= Theodore Friedmann =

American researcher

Theodore Friedmann (born June 16, 1935) is an American researcher most noted for his work in human gene therapy.

==Early life and education==
He was born in Vienna. His family emigrated to the United States when he was a young child. Friedmann received his A.B in 1956 and M.D. in 1960 from the University of Pennsylvania. He received an M.A. from the University of Oxford in 1995, where he was the Newton-Abraham Visiting Professor in 1996.

==Career and research==
After his MD, he worked at the Children's Hospital Medical Center, Boston, Massachusetts from 1960 to 1962, and the US Air Force 10th Tac.
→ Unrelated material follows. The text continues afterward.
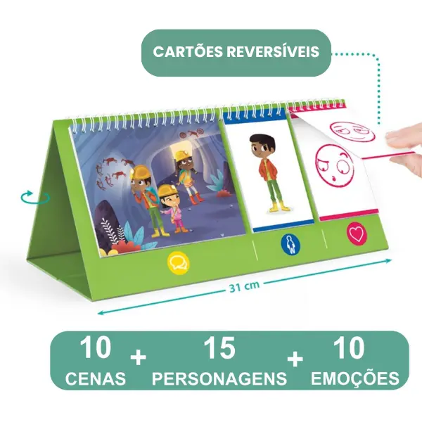 | Conteúdo: expositor com: 10 cenas, 15 personagens e 10 emoções | Largura do expositor: 31 cm | Consulte o Guia Didático clicando aqui.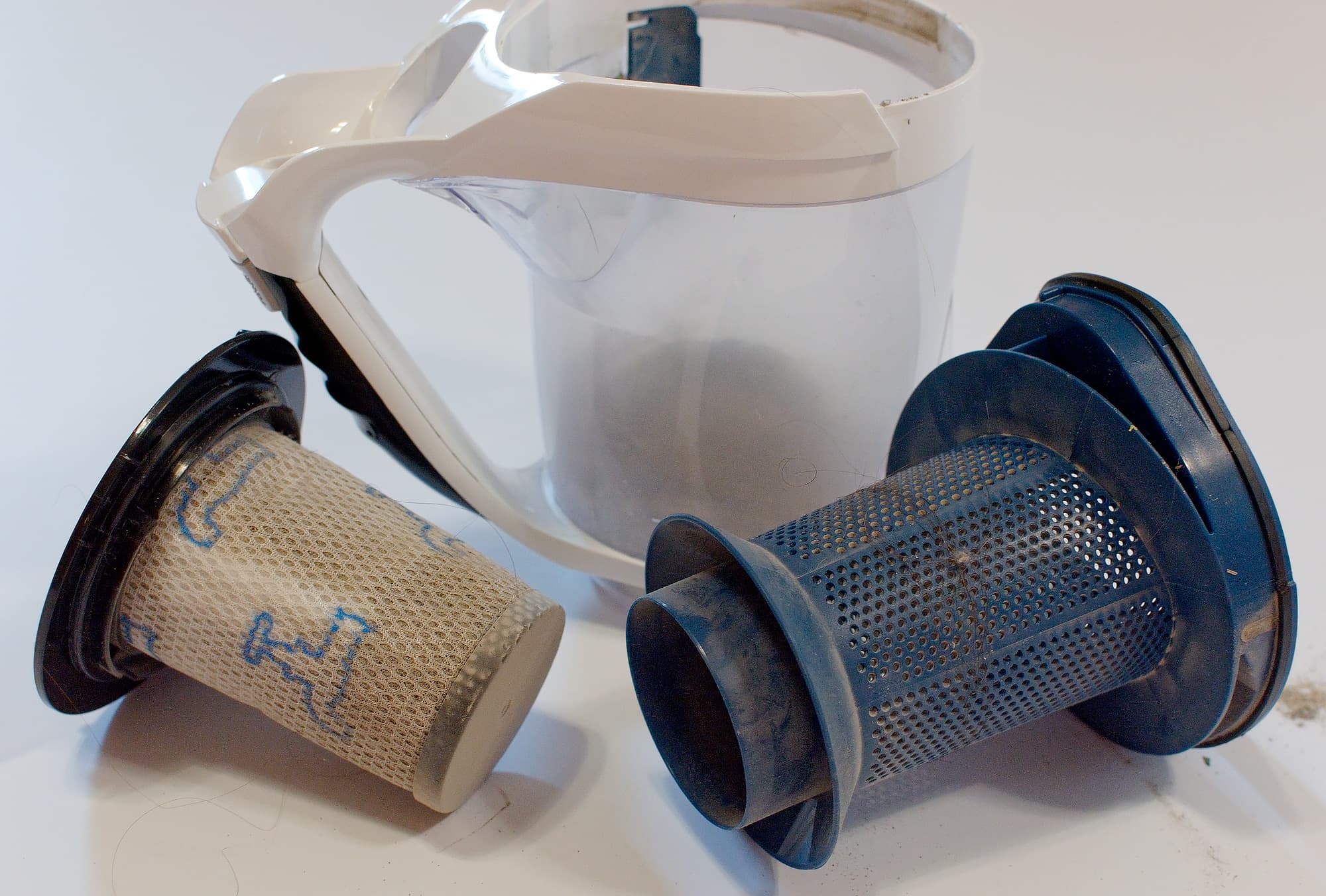 Уход за фильтрами сводится к полной разборке пылесборника, промыванию всех составляющих (в т. ч. фильтров) водой, высушиванию всех частей и сборке.

Hospital in Alconbury, England from 1962 to 1963. He then worked as a research fellow in colloid science at the University of Cambridge from 1963 to 1964 before returning to Boston, where he was also a teaching and research fellow at Harvard University. He worked at the National Institutes of Health from 1965 to 1968, and then joined the University of California, San Diego where he was assistant professor, promoted to associate professor in 1973 and professor in 1981.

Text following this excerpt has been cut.